We are supporting local planning authorities across England to help them provide planning and housing data through our platform. Through the Open Digital Planning community, we’re supporting over 200 Local Planning Authorities (LPAs) to publish data, improve its quality and adopt digital planning products such as PlanX and BoPS. Alongside this, we are ensuring that our data collection pipeline remains performant as we grow the amount of data that we collect, standardise and index each night.

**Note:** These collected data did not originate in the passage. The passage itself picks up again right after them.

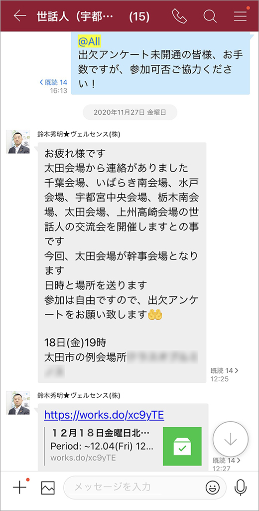 他会場との交流会や会員拡大のために開催するイベントなどは、事務局が人数を把握し会場を手配しなければなりません。出欠や出展募集などは、LINE WORKSのアンケート機能を活用して集計しています。複雑な受付手続きはないので集計作業の負担が軽くなりました。
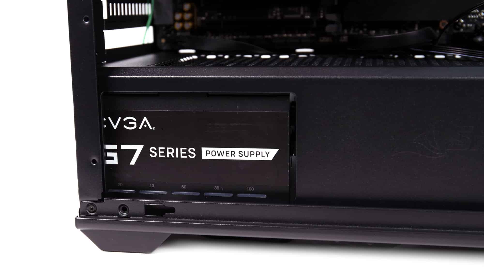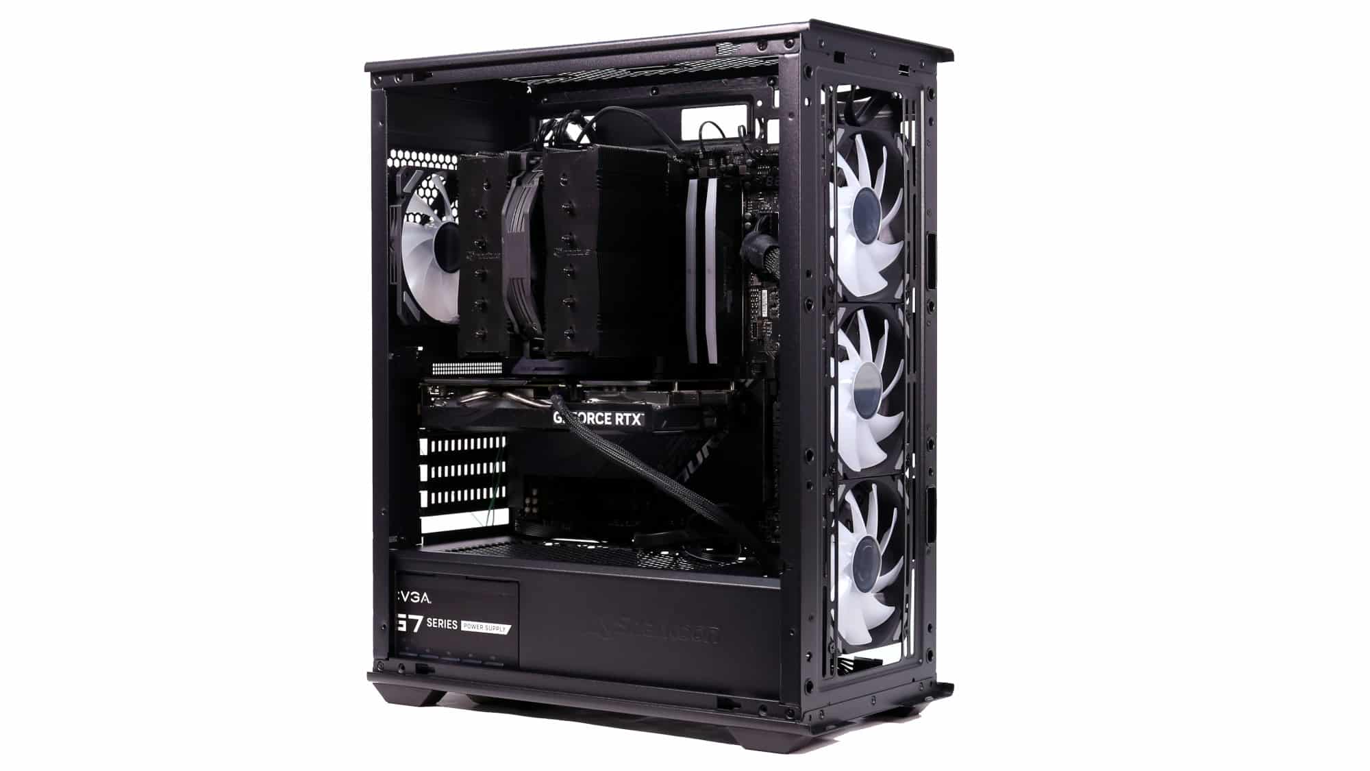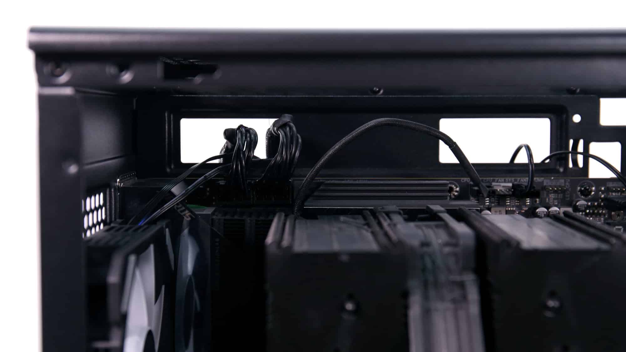 We began by installing the PSU in the bottom bay. Removing the storage cage gave us extra room for cables. Our E-ATX motherboard went in next, but because it covered the passthroughs, the ATX cable had to be routed through the front radiator cutout. To fit the board, we also had to loosen and remove the rear fan due to the tight clearance.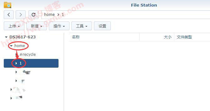 6、打开群晖File Station,在非中文的共享文件夹建立一个子文件夹(我选择在home里面建立1这个子文件夹);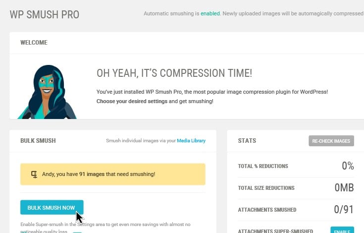 ويأتي دور WP Smush كأشهر إضافة في مجال ضغط الصور بين مستخدمي الووردبريس، حيث يتميز بواجهة مستخدم جميلة، كما تعطيك معلومات عن الصور التي تم تحسينها وكم من الحجم تم ضغطه. والعديد من المميزات الرائعة كالآتي: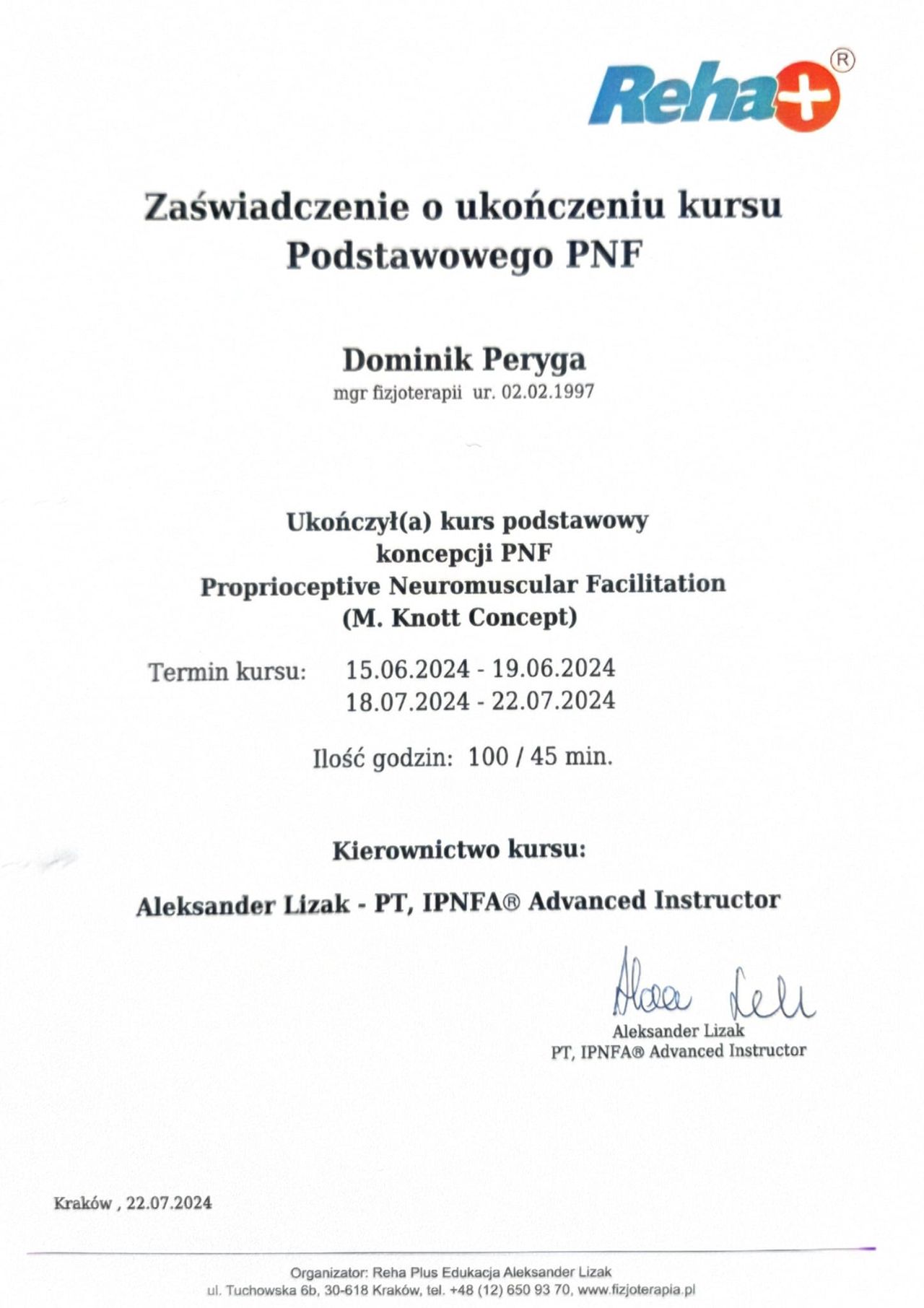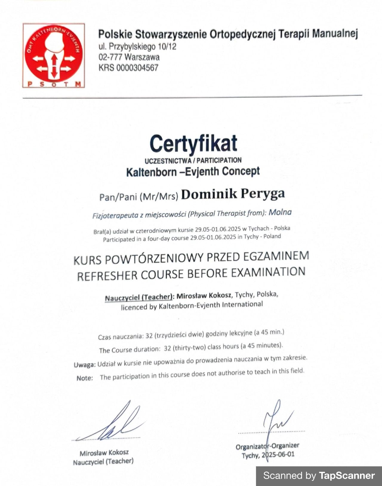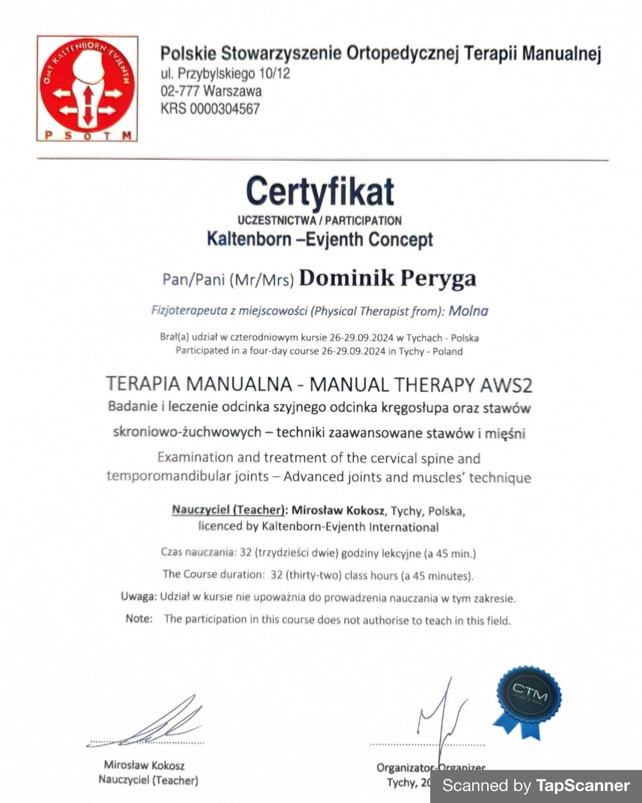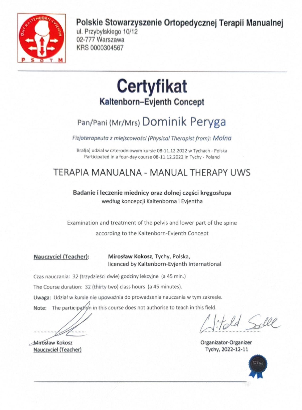 Profesjonalne podejście do pacjenta, szczegółowy wywiad i badanie, delikatna i bezbolesna terapia. Już po dwóch wizytach widoczna poprawa samopoczucia i zmniejszenie dolegliwości bólowych. Serdecznie polecam Pana Dominika.

We are also developing Extract in partnership with the Incubator for AI (Department for Science, Innovation and Technology) - an AI tool that unlocks historical planning data from documents, reducing the effort for LPAs to provide standardised data and increasing the amount of trusted data on the platform.

Now

  • We are making it faster and more reliable to build and rebuild planning data. Our platform can now be refreshed in hours rather than days, giving users quicker access to up-to-date, authoritative information. This work has also allowed us to scale our infrastructure, increasing the number of title boundaries available on the platform.
  • We are improving our service for data providers. The service is now more responsive, with faster loading times, clearer guidance and new features such as showing non-authoritative data from alternative public sources. All of these help LPAs understand, improve and maintain the quality of the data they’ve provided.
  • We are bringing data quality checks directly into the service. This allows LPAs to validate data earlier, submit smaller datasets more easily, and publish high-quality data sooner - increasing the amount of trusted, authoritative data available on the platform.
  • We are testing Extract with real planning documents and staff working at local planning authorities to understand where it helps most and where it needs improvement (also known as the alpha phase).
  • We are improving the experience so it’s clearer, easier and faster to turn documents into trustworthy data, and ensuring that it outputs high-quality data reliably.

Next

  • We will increase the number of datasets available through the Provide service, including developer contributions and local plans.
  • We will create an internal tool to get new data onto the platform faster, reducing the time between data being provided to us and users being able to access it.
  • We will continue to scale our platform’s ability to transform large datasets, including index polygons and UPRNs.
  • We will revisit how we play back data quality checks to LPAs, focusing on which tasks will have the greatest impact on their quality score.
  • Invite 30-50 local planning authorities to use Extract during the beta phase, ensuring that it works reliably and can be scaled to meet the demands of all local planning authorities in England.
  • We will conduct an accessibility audit and ensure Extract is accessible to Web Content Accessibility Guidelines 2.2.
  • We will continue to iterate and improve Extract based on feedback from local planning authorities using it day-to-day.

Later

  • We will explore alternative options for warehousing reporting data to make it cheaper to run the platform.
  • We will implement more complex data quality checks so that the data is easier to trust.
  • Make Extract available for all local planning authorities in England.

Consuming data

We are making planning and housing data easier to access, understand and reuse - whether developers building planning tools, analysts working with large datasets, or policymakers needing reliable evidence.

Now

  • We are publishing live platform performance metrics, so users can clearly understand reliability and availability.
  • We are publishing dataset quality and coverage information, so users can understand what data we currently have.
  • We are improving map search by Local Planning Authority and Town, so users can find relevant data more easily.

Next

  • We plan to provide datasets in formats such as Parquet to support large‑scale analysis and reuse.
  • We intend to package datasets around common user needs, with clearer context and guidance, to make them easier to use and consume.

Later

  • We expect to improve discoverability on the search and map through smarter, more intuitive search.
  • We will explore whether lightweight authenticated access, such as API keys, could support enhanced services while maintaining open access to data.